Groundwater: Partnerships are Key to Success / / by Rob Ward

Rob Ward is a director of science at the British Geological Survey and a UK representative on the European Commission’s Water Framework Directive Groundwater Expert Group. Here, Rob explains his role in the group and some of the issues discussed at the recent meeting held in Helsinki, Finland...

European ministry officials and experts in attendance at the Helsinki meeting

I have recently been in Helsinki continuing to represent the UK as a member of the European Commission’s (EC’s) groundwater expert working group. With groundwater being so important in Europe – it is the source of drinking water for 75% of its people and supports critical ecosystem services – this expert group formally meets twice a year in the country holding the EU presidency. Having been on the group for nearly 20 years, I’ve now visited most European capitals. It is unclear if Helsinki will have been my last meeting, but let’s wait and see.

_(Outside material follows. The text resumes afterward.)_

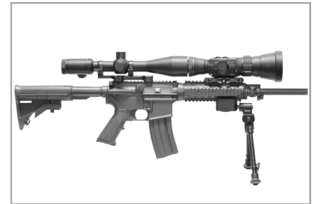
Clip-On (In-Line) Sight

The working group primarily focuses on the groundwater aspects of the EU Water Framework Directive (WFD), the Groundwater Directive and links with other directives such as the Drinking Water Directive, Nitrates Directive and Habitats Directive. Its role is to advise the Commission on the shaping of EU legislation and its implementation, develop technical guidance and share experience that can improve the protection and sustainable use of groundwater. The meetings are attended by Government officials supported by their technical experts. It has an agreed mandate that sets out a three year programme of work.

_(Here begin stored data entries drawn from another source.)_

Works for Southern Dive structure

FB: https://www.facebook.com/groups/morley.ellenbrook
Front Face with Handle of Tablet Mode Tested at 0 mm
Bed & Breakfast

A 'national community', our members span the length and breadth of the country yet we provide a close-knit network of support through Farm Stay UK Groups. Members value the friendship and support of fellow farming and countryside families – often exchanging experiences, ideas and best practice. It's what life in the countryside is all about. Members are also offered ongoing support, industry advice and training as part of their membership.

Rob participating in the recent European Commission Expert Group meeting

Over the years, I’ve been very fortunate to work with some brilliant people and had the privilege of leading a number of the associated drafting groups. These have produced publications known as ‘Common Implementation Strategy (CIS) Guidance Documents’. I’ve also been involved in negotiations on the text of the Groundwater Directive, and presented BGS research outcomes that have led to subsequent revisions to this directive and established an on-going activity for the expert group. Two BGS publications, one led by Marianne Stuart and the other by Dan Lapworth, highlighted concerns about emerging contaminants in groundwater and that we had insufficient data to be able to properly understand the risks. As a result, the revised directive established a requirement to identify a ‘Watch List' of substances of concern that EU Member States should consider when assessing the risks to groundwater, drinking water and the environment. The process of establishing the Watch List has been the subject of a recent journal paper led by Dan, who has also been working with the Watch List group.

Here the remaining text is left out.